• [^] # Re: Pourquoi pas les medocs plutôt que les cosmétiques?

    Posté par . En réponse au journal Open Food Facts dépasse les 30 000 produits. Évalué à 10.

    http://www.lexpress.fr/actualite/societe/sante/medicaments-generiques-le-cri-d-alarme-des-medecins_1236973.html

    http://www.medisite.fr/medicaments-et-risques-sante-la-verite-sur-les-medicaments-generiques.173291.70.html

    http://sante.lefigaro.fr/social/sante-publique/medicaments-generiques/generiques-sont-ils-moins-efficaces

    Etc.

    Sans vouloir être taquin, la plupart de ces articles sont polémiques et mal sourcés. Un micro-trottoir, fût-il de médecins en colère, n'a jamais fait une preuve scientifique.

    C'est faux, un générique n'est pas une copie conforme et de plus diffère au niveau des excipients.

    En effet, un générique n'est pas une copie conforme. Mais si par molécule il voulait parler de la substance active (qui fait l'efficacité du médicament), en effet, il s'agit bien de la même. Les excipients diffèrent, c'est un fait. Comme ils peuvent être différents entre la forme comprimés à croquer et la forme effervescente du princeps d'un même laboratoire par exemple.

    D'ailleurs, le médecin de ma grand-mère

    Boh... pas top comme argument d'autorité ;)

    a été formel concernant les anticoagulants qu'elle prend : « JAMAIS de générique, JAMAIS ! ».

    A ma connaissance (et à l'exclusion des injectables), il n'existe pas d'anticoagulant qui soit génériqué actuellement en France (un antiagrégant plaquettaire peut être ?).

    la grosse majorité des génériques sont fabriqués à l'étranger. La moitié des génériques viennent de Chine, la majeure partie du reste provient d'Inde, du Brésil, de Russie, du Mexique ou encore de la Turquie.

    En effet, c'est également le cas des princeps. Cf l'affaire des héparines chinoises à la chondroïtine en 2008 ou les fréquents problèmes de défauts de stérilité des pénicillines importées d'asie.

    Encore faux, au point qu'il y a officiellement une tolérance de 7% d'efficacité en moins et qui, si en général elle ne descend que rarement en-dessous de 10%, peut être plus de 30% moins efficace, ce qui pose de sérieux problèmes avec certains médicaments où le dosage précis est important.

    Pas tout à fait. Ce qu'on demande à un médicament générique, en plus de l'évident respect des bonnes pratiques de fabrication, c'est de satisfaire à un essai de bioéquivalence (cf documents en libre accès sur le site de l'agence nationale de sécurité du médicament) (dont les injectables sont dispensés, ce qui soulève des questions, mais c'est un autre débat).

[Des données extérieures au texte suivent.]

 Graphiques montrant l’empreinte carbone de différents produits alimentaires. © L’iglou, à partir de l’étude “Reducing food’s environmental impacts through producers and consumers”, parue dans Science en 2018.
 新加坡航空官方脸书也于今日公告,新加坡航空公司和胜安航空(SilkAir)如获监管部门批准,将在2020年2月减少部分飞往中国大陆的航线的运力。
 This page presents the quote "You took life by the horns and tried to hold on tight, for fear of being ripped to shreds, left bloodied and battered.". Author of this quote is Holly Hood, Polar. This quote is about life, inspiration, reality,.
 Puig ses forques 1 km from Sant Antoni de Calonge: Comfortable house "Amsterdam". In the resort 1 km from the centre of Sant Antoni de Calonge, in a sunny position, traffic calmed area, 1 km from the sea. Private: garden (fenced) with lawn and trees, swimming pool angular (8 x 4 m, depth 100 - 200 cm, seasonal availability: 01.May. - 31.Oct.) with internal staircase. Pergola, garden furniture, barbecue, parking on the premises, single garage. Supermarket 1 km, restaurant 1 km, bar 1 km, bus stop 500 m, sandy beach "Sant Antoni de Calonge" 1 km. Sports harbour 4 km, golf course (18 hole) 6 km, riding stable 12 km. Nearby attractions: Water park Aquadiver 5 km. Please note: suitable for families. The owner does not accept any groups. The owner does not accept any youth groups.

    L'essai de bioéquivalence vise à démontrer qu'après une administration du médicament générique, les concentrations en ce médicament retrouvées dans le sang du patient seront comparables à celles mesurées dans les mêmes conditions pour un patient ayant pris une dose identique de princeps (je dis patient, mais en pratique ces tests sont réalisés sur des volontaires sains).

    On ne cherche donc pas à mesurer une "efficacité", mais simplement à vérifier que la personne qui prend le générique est exposée de la même façon à la molécule active qu'elle ai pris une dose du médicament générique ou la même dose du princeps.

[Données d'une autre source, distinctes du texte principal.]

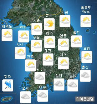 아침 예상 최저기온은 ▲서울 24도 ▲대전 23도 ▲부산 22도 ▲대구 21도 ▲광주 23도로 평년과 비슷하겠다. 최고기온은 ▲서울 35도 ▲대전 32도 ▲부산 27도 ▲대구 29도 ▲광주 30도로 평년보다 높겠다.
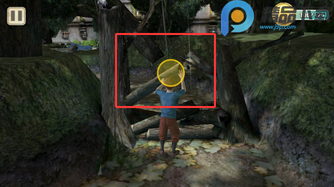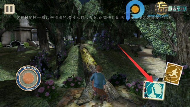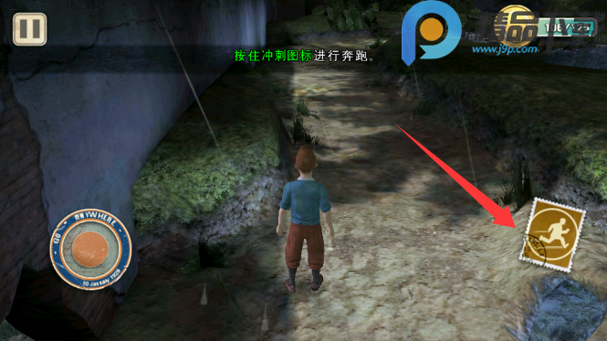 1、使用左下角的虚拟摇杆来控制丁丁的移动
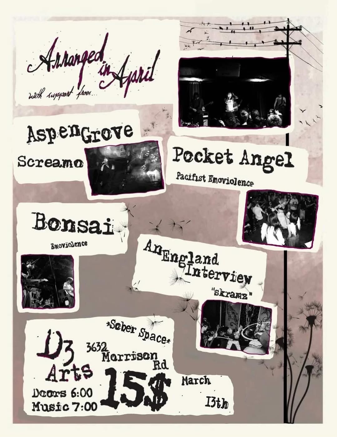 Arranged in August, Aspen Grove, Pocket Angel, Bonsai, An England Interview
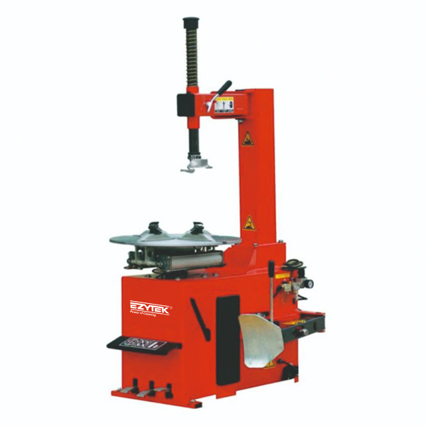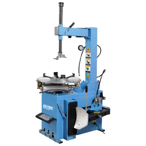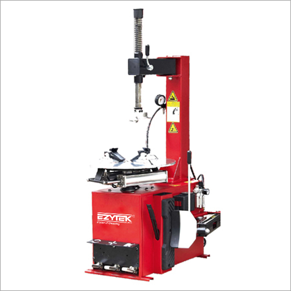 The EZY-TC40 is a semi-automatic tyre changer for cars and light commercial vehicles (LCVs), featuring a pneumatic twin-cylinder 4-jaw self-centering chuck, horizontal moving arm, and alloy jaw protectors for firm clamping and safe operation on alloy wheels, handling rims 10-21 inches with a large 930mm max diameter, requiring 6-8 bar pressure and single-phase power.
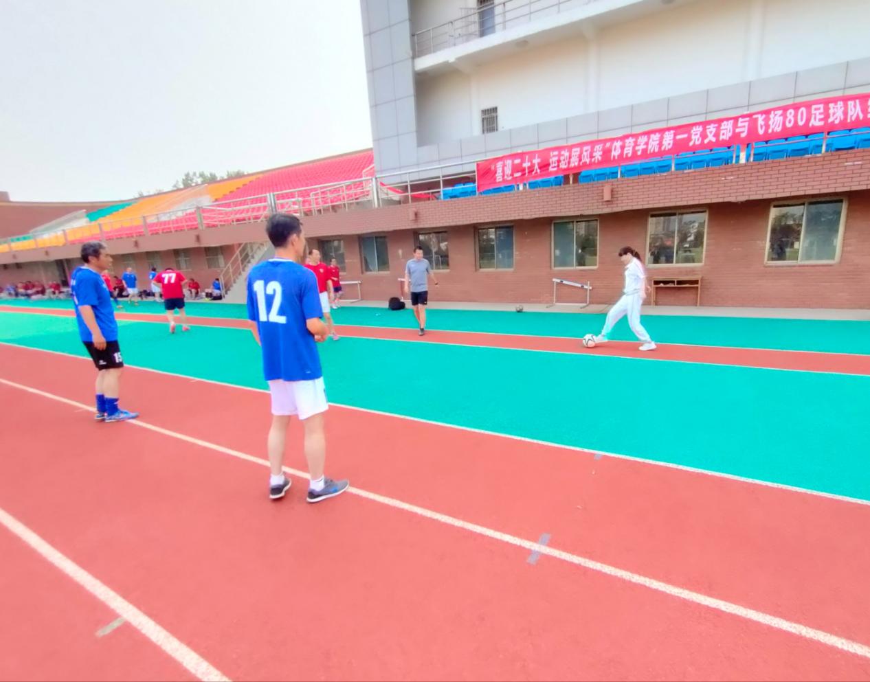 活动伊始,教工第一党支部的党员和飞扬80足球队运动员们围绕如何服务地方足球事业发展、如何发挥党员在体育竞技比赛中的模范带头作用等内容展开互动、交流。教工第一党支部书记刘林星说道,“飞扬80足球队多年来致力于服务地方足球事业发展,展现出积极向上、勇于拼搏的良好风貌,我们将以此次活动为契机,以党建为引领,紧紧围绕如何提高体育竞技水平、促进地方体育事业发展方面,做好结合文章,凝聚合力,助推体育强国建设。”随后,大家在滨州学院田径场举行了足球友谊赛。绿茵场上,双方队员精神抖擞、斗志昂扬。积极的跑位、默契的配合、出色的防守、精彩的射门,展示出了运动员们良好的竞技状态,让在场每一个人感受到了足球运动带来的快乐。
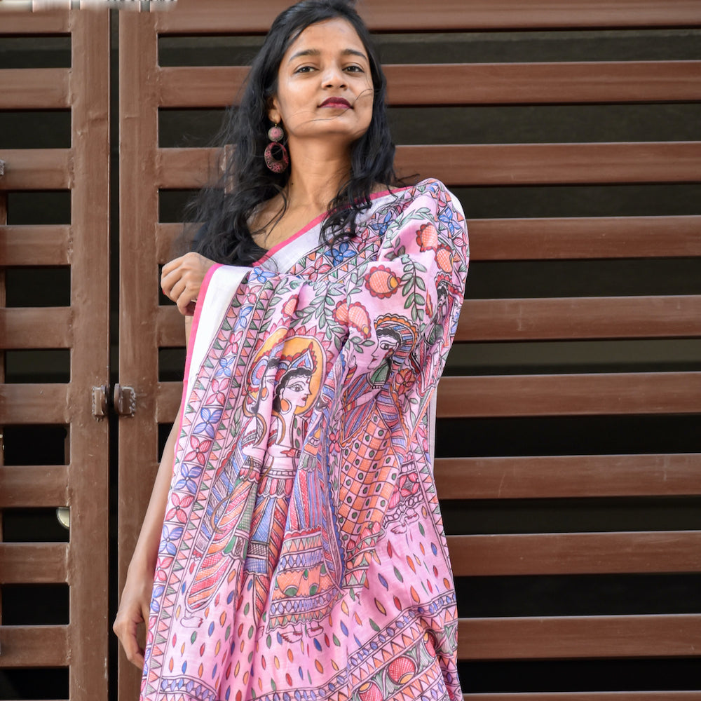 Madhubani "Simple Rural Life" Handloom Cotton Mulberry Silk Saree
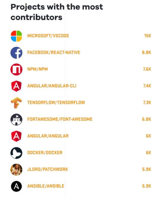 而以贡献者来说,微软的 vscode 项目的贡献者最多,几乎是排在第二名的 react-native 的两倍。这一方面证明了社区对 vscode 的喜爱,另外一方面也证明了微软在开源方面的重注投入。
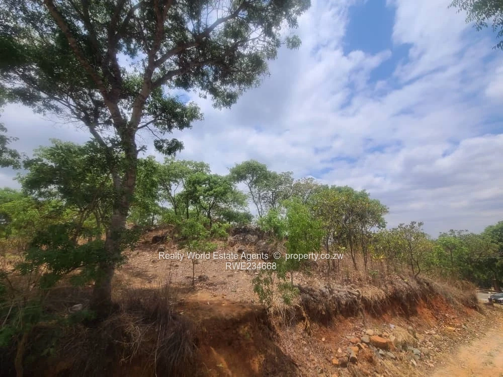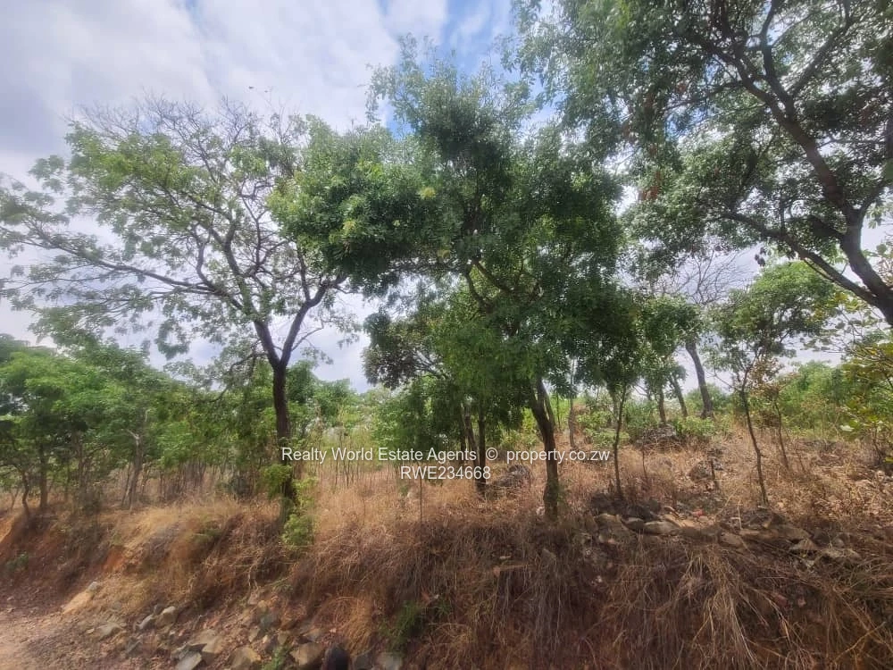 Prime development opportunity in Glen Lorne, Harare North — 16,000 m² of elevated, character-filled land with excellent main-road frontage. As seen in the photos, the property features mature indigenous trees and attractive rock outcrops that give immediate kerb appeal and natural privacy, plus visible stone terraces and a small service track running along the lower boundary. Power lines run along the tarred main road frontage, offering easy access to electricity; the site also benefits from tarred road access to the estate and a quieter dirt access lane internally.
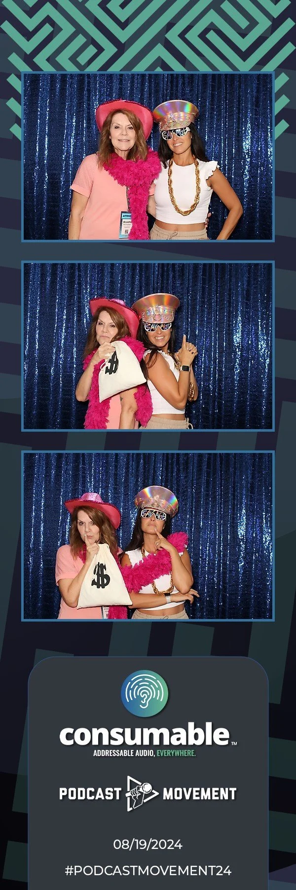 Three women at a photo booth dressed in colorful, quirky costumes posing in front of a blue sequin backdrop. The first woman wears a pink hat, pink feather boa, and pink shirt. The second woman wears a shiny metallic hat, large sunglasses, and a whit
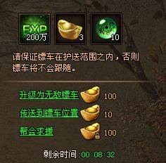 在押镖过程中可以将镖车升级为无敌镖车,需要花费100元宝。在押镖途中,万一跟丢了镖车,不用担心!花费10元宝马上就可以传送到镖车位置,很是方便的!遇到困难记得花费100绑元帮会求援呐!

    Ensuite, on tolère bien une marge d'écart, mais c'est un peu plus subtil que ça : on réalise une analyse de la variance (une ANOVA) sur les paramètres pharmacocinétiques observés (la concentration maximum mesurée chez le patient (Cmax), l'aire sous la courbe concentration/temps (AUC)) obtenus avec le princeps et le candidat générique. C'est alors que la marge intervient : pour que le générique sont considéré équivalent au princeps, il faut que l'intervalle de confiance à 90% (IC 90) de ces paramètres pharmacocinétiques (Cmax et AUC) moyens sont inclus dans l'intervalle [80-125%].

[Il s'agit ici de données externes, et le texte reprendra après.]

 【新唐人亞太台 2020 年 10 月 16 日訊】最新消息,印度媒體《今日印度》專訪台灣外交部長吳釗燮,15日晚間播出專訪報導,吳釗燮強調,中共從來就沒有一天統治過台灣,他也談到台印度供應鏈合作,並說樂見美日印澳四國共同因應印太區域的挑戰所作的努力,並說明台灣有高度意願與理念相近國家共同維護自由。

    Ce qui n'est pas tout à fait (!) la même chose que dire qu'un "écart d'efficacité de 30%" est accepté.

    En outre, pour les médicaments à marge thérapeutique étroite, l'intervalle d'acceptation de bioéquivalence est réduit à [90-111%].

    En effet, pour les médicaments où un faible écart de dosage fait une grande différence (les hormones thyroïdiennes, les antiépileptiques pour prendre des exemples souvent retrouvés), il est capital de ne pas déséquilibrer le traitement des patients. On observera cependant que l'écart toléré entre les génériques et les princeps... est comparable à celui accepté entre deux lots successifs du médicament princeps.